The book's final chapter paints a vivid picture of what, thus far, remains the zenith of the Occupy movement's popularity and cohesion, and of the nonviolent philosophy that drove it. More recently, however, Occupy has been dealt a blow by evictions and by so-called "black bloc" anarchists, whose violent tactics compromise the movement's peaceful strategy.

Sacco says, "To me the Occupy movement demonstrated a flicker of what the people, acting communally, might accomplish. Liberty Square at its best was the first time I saw democracy in operation as I imagine it might have been practiced in Athens in the fifth century B.C. People were participating and seemed to have a sense that they had something to contribute to a public debate. The lesson for me was that democracy is made by the people. It is a dangerous idea for the powers that be."

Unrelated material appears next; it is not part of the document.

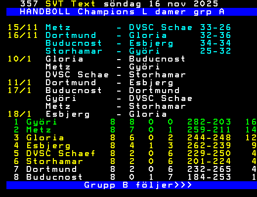 HANDBOLL Champions L damer grp A 15/11 Metz - DVSC Schae 33-26 16/11 Dortmund - Gloria 32-36 Buducnost - Esbjerg 34-34 Storhamar - Györi 25-32 10/1 Gloria - Buducnost Metz - Györi DVSC Schae - Storhamar 11/1 Dortmund - Esbjerg 17/1 Buducnost - Dortmund Györi - DVSC Schae Metz - Storhamar 18/1 Esbjerg - Gloria 1 Györi 8 8 0 0 282-203 16 2 Metz 8 7 0 1 259-211 14 3 Gloria 8 6 0 2 244-248 12 4 Esbjerg 8 4 1 3 262-239 9 5 DVSC Schaef 8 2 0 6 229-250 4 6 Storhamar 8 2 0 6 201-224 4 7 Dortmund 8 2 0 6 232-265 4 8 Buducnost 8 0 1 7 184-253 1 Grupp B följer>>> +Dela 17 dagar

Hedges says that, despite recent setbacks, "The movement isn't going to go away. All of the issues that pushed people into the encampments are not only there but [are] getting worse. The mortgages and bank repossessions and foreclosures; the student debt, which is pretty big for a lot of people in Zuccotti, over a trillion dollars now; the jobless rate under the age of 24 is massive. As that continues, it builds greater levels of frustration and even rage. One of the reasons I invested so heavily, personally, in Occupy is because I understand what violence is, and I hate it and I fear it. Occupy is a nonviolent movement. And the response of the state to try to shut it down, to my mind, is deeply misguided. Because if they thwart nonviolent, peaceful protest, then eventually they'll get Greece."

Casey Burchby is a freelance writer in San Francisco who writes regularly on comics for PW Comics World.